IDDQ failure diagnosis is here
When I first read about IDDQ test in the early 90s, it seemed that the claims were too good to be true. IDDQ is a test method that finds defects by monitoring the current flow through VDD while the IC is in the quiescent, or quiet, state. Test had always been fairly complex and the claims that IDDQ testing got massive defect detection with just a few patterns and no circuit output measurements other than current didn't seem possible. After reading about silicon results, I realized it was something special. Indeed, it was quickly adopted throughout the IC test industry.
IDDQ test is common at many companies and accounts for a significant proportion of defect detection. Many people speculated that the increasing quiescent leakage current with newer fabrication processes and higher levels of integration would make IDDQ obsolete. IDDQ technology has, however, managed to keep pace with the test demands of newer devices. It provides detection of many defects and often uniquely detects defects that are missed by other tests. There are faster IDDQ measurement devices and techniques such as delta IDDQ that have enabled IDDQ to continue to be important in many test environments. Because IDDQ can uniquely detect some defects, it is very important for products such as automotive parts to have the ability to diagnose why devices are failing IDDQ tests.
The one historical shortcoming of IDDQ is that there was no way to automatically diagnose and pinpoint the root cause of a failed IDDQ test.
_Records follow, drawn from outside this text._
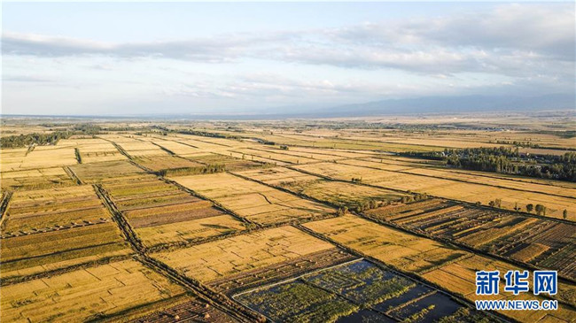 新疆察布查爾錫伯自治縣坎鄉(xiāng)待收割的水稻(9月25日無(wú)人機(jī)拍攝)。眼下,地處新疆伊犁河谷的察布查爾錫伯自治縣約20萬(wàn)畝水稻迎來(lái)收割季。當(dāng)?shù)剞r(nóng)民搶抓農(nóng)時(shí),忙碌在金色田園中。記者 胡虎虎 攝
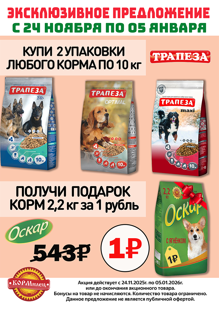 При покупке любых двух мешков: Трапеза Оптималь 10 кг (арт. 10093, 27562), Трапеза Макси 10 кг (арт. 13013, 27563), Трапеза Био 10 кг (арт. 13679, 27564)
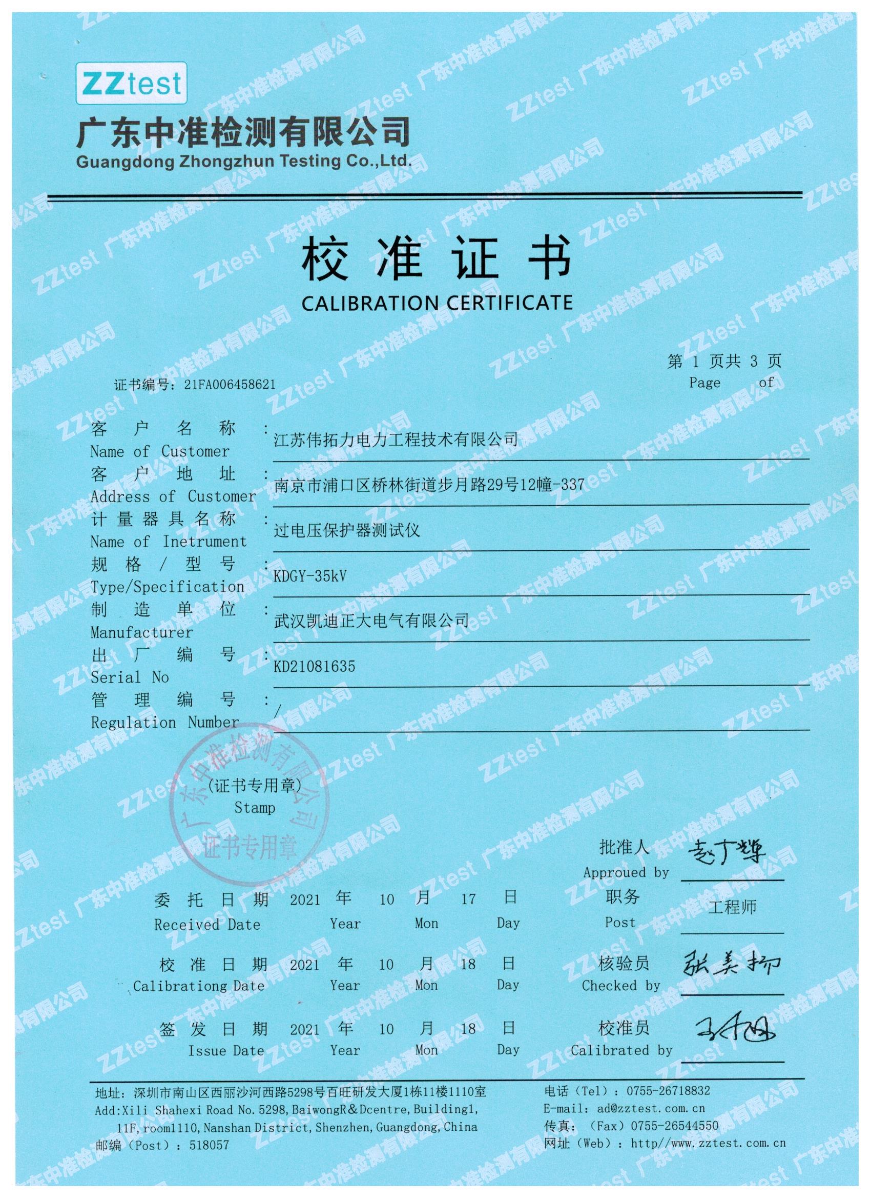 我們一直嚴把質量關,下面就是我們與江蘇偉拓力合作的過電壓保護器測試儀設備送檢結果
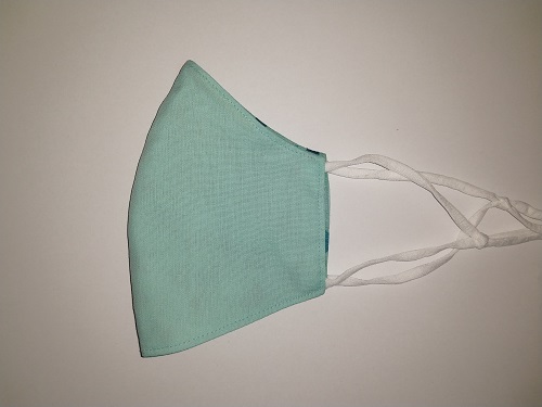 Modna zaščitna maska, ročno zašita, dvoslojna, iz 100 % bombaža  (oeko-tex standard 100), z všito žičko v predelu nosu in elastičnimi, nastavljivimi trakovi, obojestranska. Priporočeno pranje pri 60°C
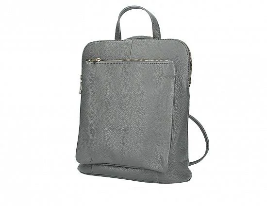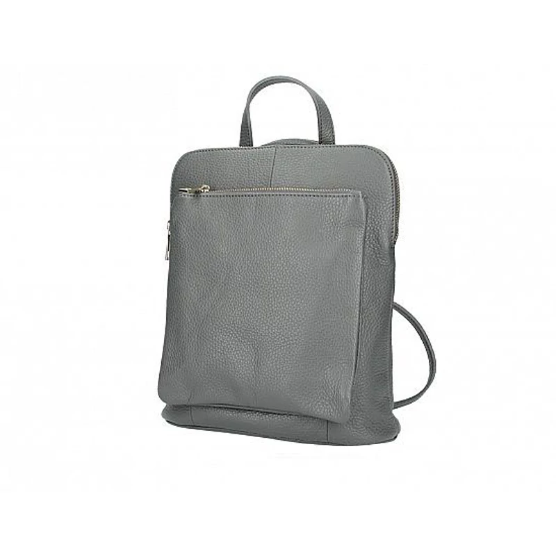 Csinos közepes méretű valódi bőr női hátizsák. 3 funkciós: hordható kézben a kis fülével, hordható keresztül véve vállunkon oldaltáskaként és hordható hátizsákként is. Igényesen, szépen megmunkált, olasz táska. Kívül két cipzáros zsebe is van. Belseje osztott elrendezésű, összesen öt zseb van belül.
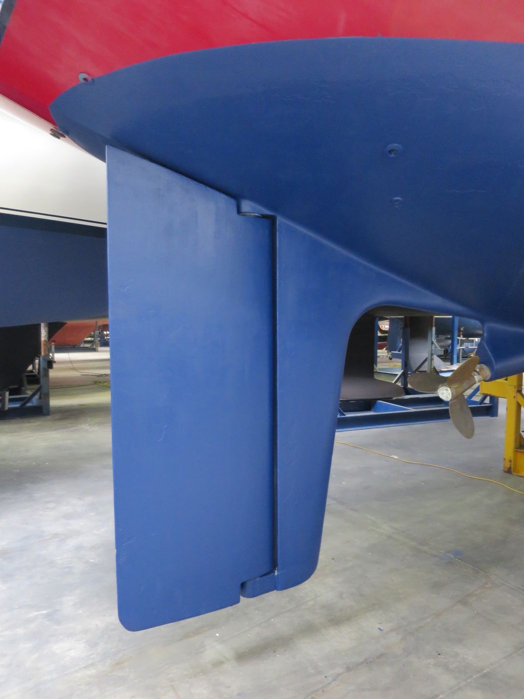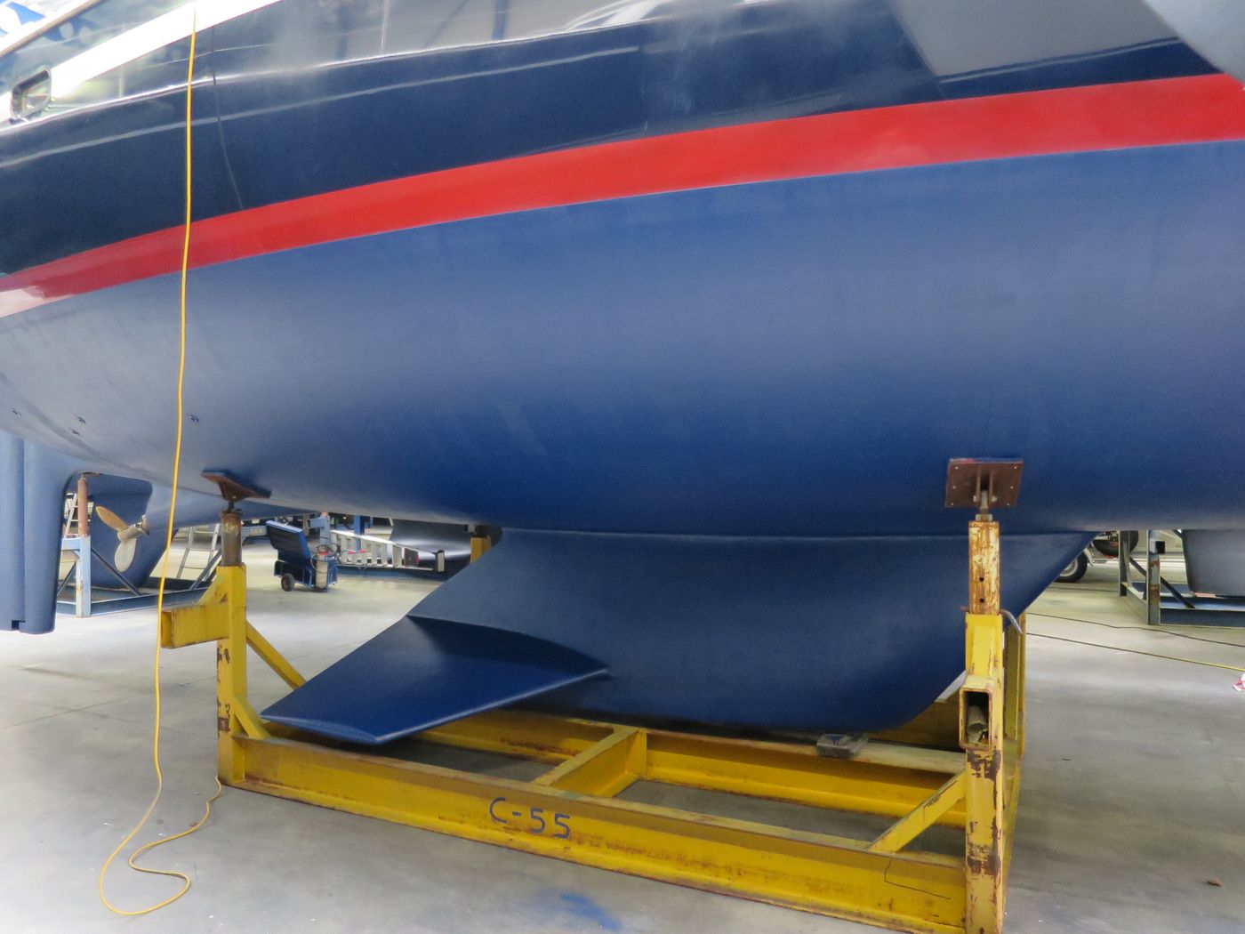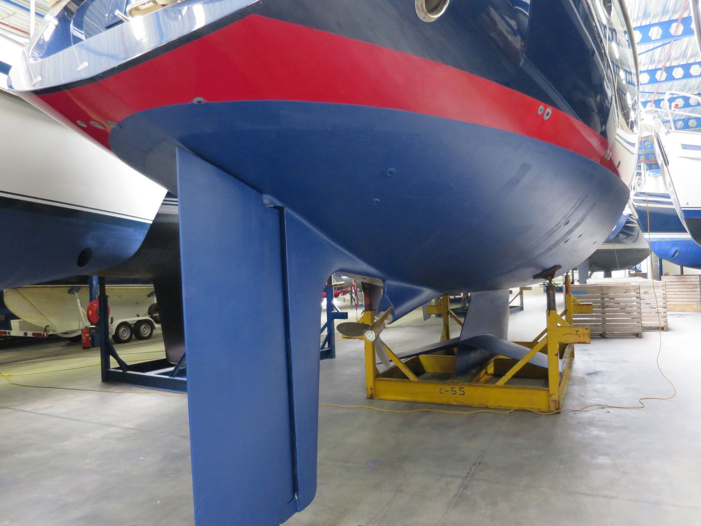 Hull typeVacuum infused round bilged hull in flag blue with oyster white striping
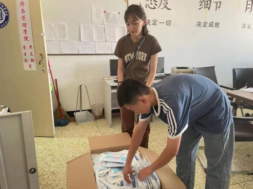 二级学院代表学校向同学们发放口罩,并转达了学校的关怀。希望同学们用好口罩,加强防护,战胜疫情,努力学习,取得防疫、学习双丰收。

Traditional PFA (physical failure analysis) takes too long for any device in volume production or ramping up to volume production. Wouldn't you like to know what was causing IDDQ patterns to fail? Fortunately, that problem is now solved; devices that fail IDDQ tests can now be diagnosed.
There is usually enough distinction between the patterns with too much current and patterns with normal current to allow failing patterns to be considered as failing and have diagnosis applied. Unlike stuck-at, transition, or most other scan patterns, however, IDDQ has the current measurement as an observation point only. The other techniques literally have all scan cells—over one million of them for a large design—as observation points. Recently, a new automated IDDQ diagnosis method was introduced that can handle multiple defects. In published research, a 130 nm automotive device used this IDDQ method to successfully diagnose defects in two products. A single defect was reported 87% of the time in one product and 71% in the other. Because the IDDQ diagnosis was proven to work effectively and produce good resolution, it is expected to work well with DDYA (diagnosis driven yield analysis) for yield improvement. See figure below.
Current signature of a device with suspected multiple IDDQ defects before and after sorting. If spatially different leakage paths exist in the chip, they will activate different leakage currents. Diagnosis will stop at the second jump if the second failing cluster is caused by a different defect.